# Electric bike query



## Bokonon (7 Aug 2009)

I was speaking to my father last night, who expressed an interest in getting himself an electric assisted bike. He would mostly be using it for getting into the local town centre, a round trip of about 6 miles with a maximum gradient of 1 in 20 (ie 5%.)

I am looking for thoughts and recommendations on what is available, either as a purpose built bike or a conversion kit for a normal bike. My father wants something with an upright riding position and would need to be able to carry stuff on the bike (eg using panniers.)

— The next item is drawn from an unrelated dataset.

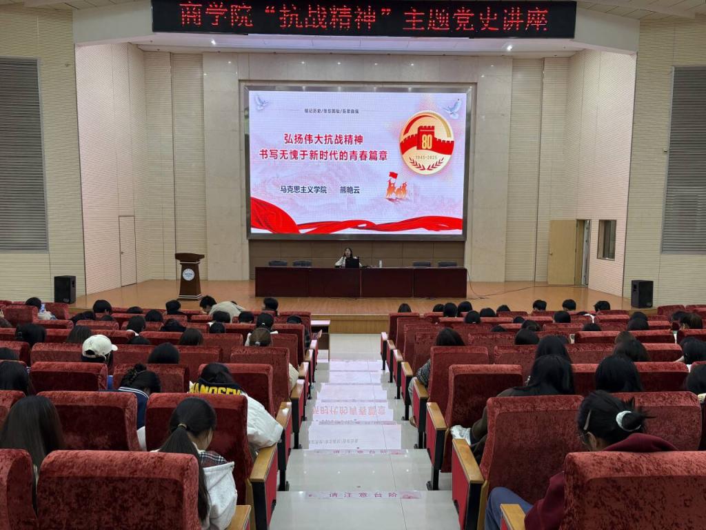 熊艳云老师以深厚的理论功底和丰富的历史知识,引领大家回顾了那段波澜壮阔的抗日战争岁月。她围绕“抗战精神”的深刻内涵、历史背景、形成过程及其伟大的时代价值,进行了系统而生动的阐述。历史的回响与时代的强音在这场讲座中交汇,极大地激发了商学院学子的爱国热情与历史责任感。

Ideally he would need to test ride some bikes. Does anyone know of any good dealers? He lives in south Bedfordshire, so has easy access the London, Cambridge and Oxford area. If he were to visit me he could then get to the likes of York.


----------



## very-near (7 Aug 2009)

I've ridden a cheap one (£300 jobby off Ebay), and an expensive one (wisper905)

Both weigh a tonne, but without electric assist, I'd not want to ride the cheaper one at all as it is built like an £80 MTB from JJBs.

The expensive one is nice to ride (like a £600+ regular cycle), but the battery is £500 when it dies and the owner has already had the charger replaced under guarantee after about 6 months which took the bike off the road for a week whilst they got one out to him.

The expensive one came from http://www.electricbikesales.co.uk/ in Oxford and the owner commutes about 25 miles a day on it.


----------



## Bokonon (9 Aug 2009)

electricbikesales looks promising. Thanks for the link, very-near.


----------